The Cosmic Zoom: Scale, Knowledge, and Mediation
by Zachary Horton
University of Chicago Press, 2021
eISBN: 978-0-226-74258-8 | Cloth: 978-0-226-74230-4 | Paper: 978-0-226-74244-1

ABOUT THIS BOOK | AUTHOR BIOGRAPHY | TOC
ABOUT THIS BOOK
The Powers of Ten by Charles and Ray Eames announces itself as “A film dealing with the relative size of things in the universe,” and in it, we see two people enjoying a picnic on a sunny day before the view zooms up and away to show the park where they sit, the city around the park, the continent, the whole globe, and progressively farther into space, lightyears beyond the initial scene. It then moves back in for a close-up of the hand of the picnicker, travelling deep into the microscopic realm. Zachary Horton calls this effect the “cosmic zoom,” a trope that has influenced countless media forms over the past seventy years.

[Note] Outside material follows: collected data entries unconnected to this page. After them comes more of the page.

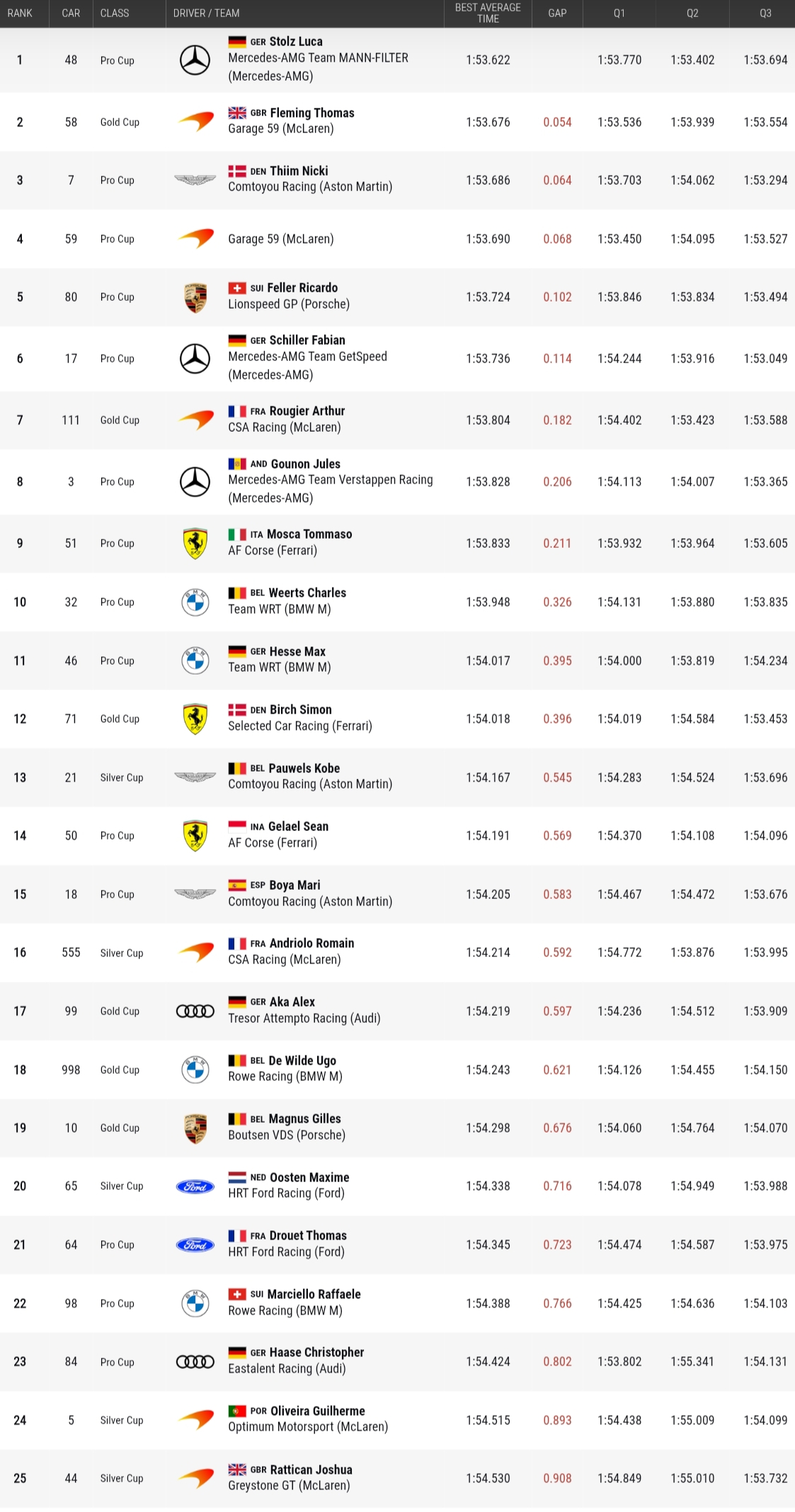 Celkovou pole position slaví Mercedes týmu Mann-Filter v sestavě Luca Stolz, Lucas Auer a Maro Engel.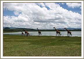 This work had been planned to take place last year but due to logistical problems it was postponed until early April, 2007. The main objective of moving these giraffes from Kedong ranch to Marula Estates ranch was to help restock Marula with Masai giraffe. The ranch has enough vegetation and water that is suitable for the survival of these animals. Before this translocation Marula had 6 giraffes that were introduced there a few years ago. The group of 5 from Kedong was to increase the number and enhance their breeding capacity inorder to promote the conservation of this species in Southern part of Lake Naivasha. The distance between these two ranches was approximately 25 Kilometers and the giraffes were captured and moved without holding them in a boma.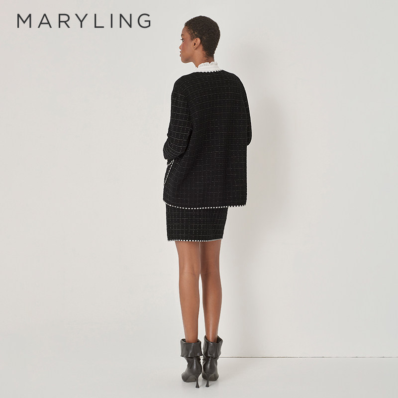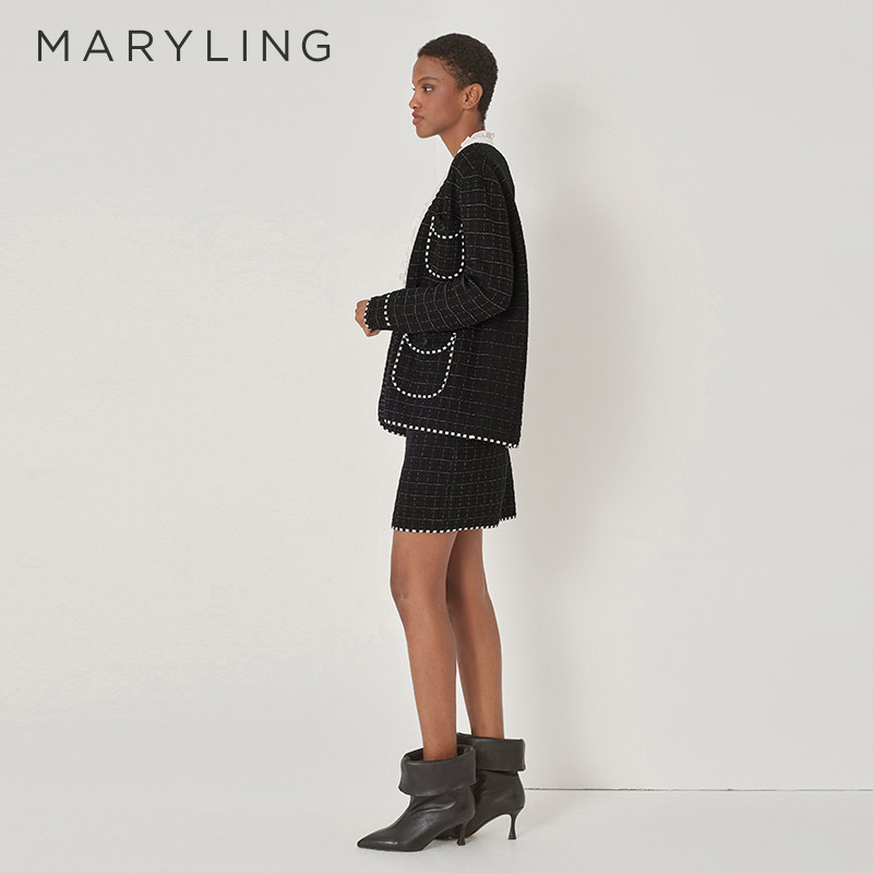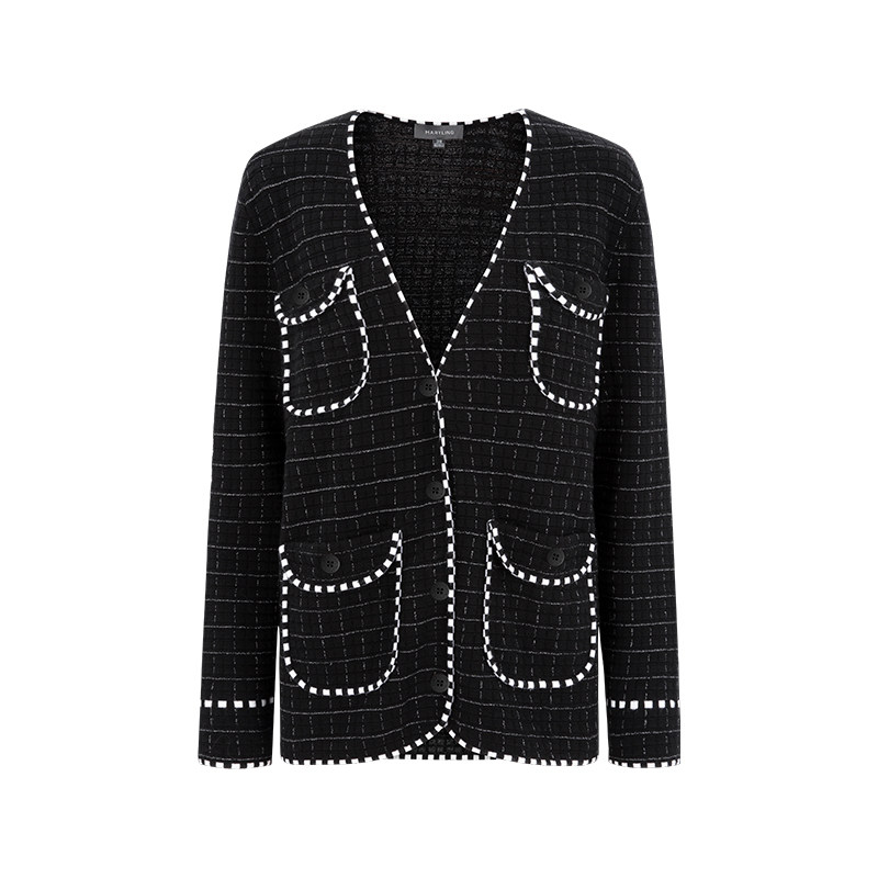 MARYLING玛俪琳秋季新品黑白方格多口袋羊毛针织开衫小香风上衣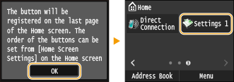 Якщо вибрати пункт <Yes>, з’явиться повідомлення. Перегляньте повідомлення та торкніться кнопки <OK>. Комбінація зареєстрованих параметрів додається до екрану <Home> як кнопка дії.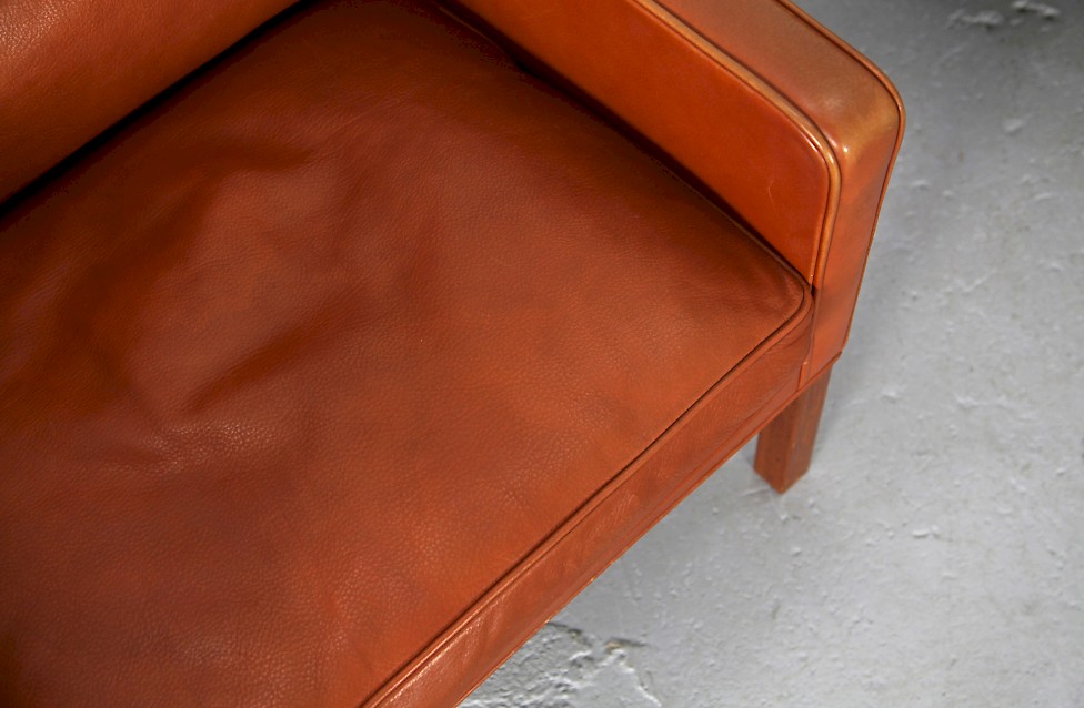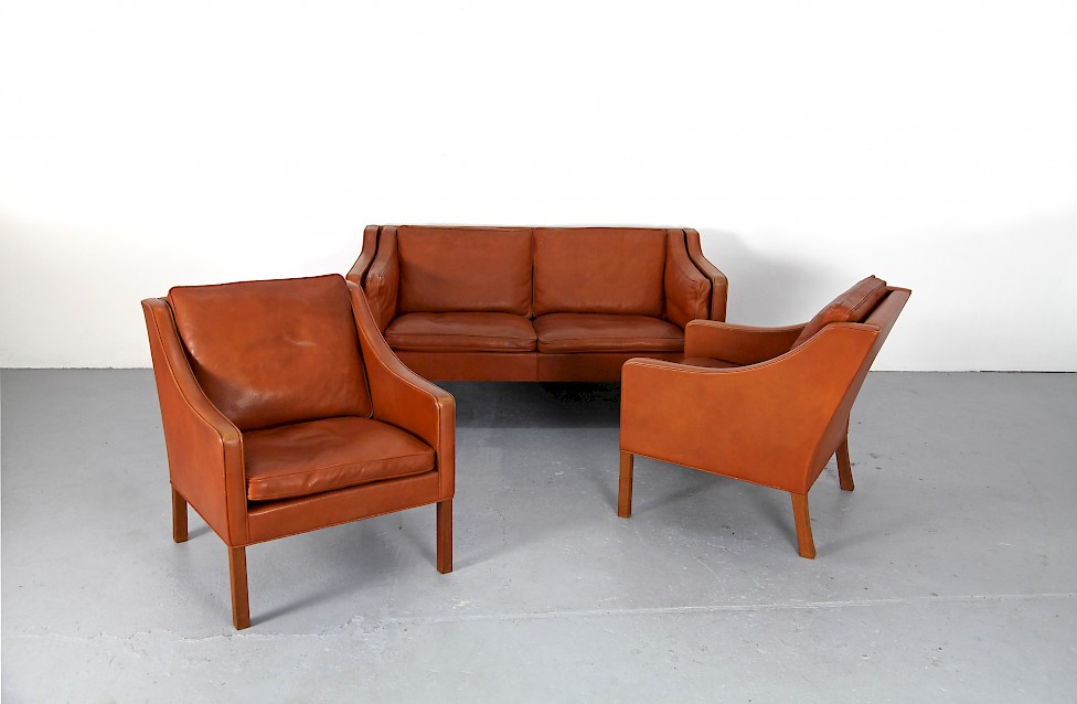 Designklassiker Modell 2207 von Børge Mogensen für Fredericia. Zwei Sessel bezogen mit rost-braunem Echtleder und Teakholz Beinen. Sitz -und Rückenkissen sind mit Daunen gefüllt. Auf der Unterseite gelabelt. In unseren Angeboten finden SIe auch das passende Zweisitzer-Sofa. Sehr guter Gebrauchszustand, mit schöner Patina.

The Cosmic Zoom uses this visual and conceptual flight through the scales of the universe as a starting point to develop a cross-disciplinary theory of scale as mediated difference. It considers the origins of our notions of scale, how scalar mediation functions differently in analog and digital modes, and how cosmic zoom media has influenced both scientific and popular understandings of the seen and unseen world. These considerations, Horton shows, are vital to addressing the major questions of both climate change and big data, which he treats as two facets of a single issue: scalar mediation. Through analyses of literature, film, digital media, and database history, Horton brings our obsession with scale into sharper focus, establishing a much-needed framework for thinking about scale across multiple domains and disciplines.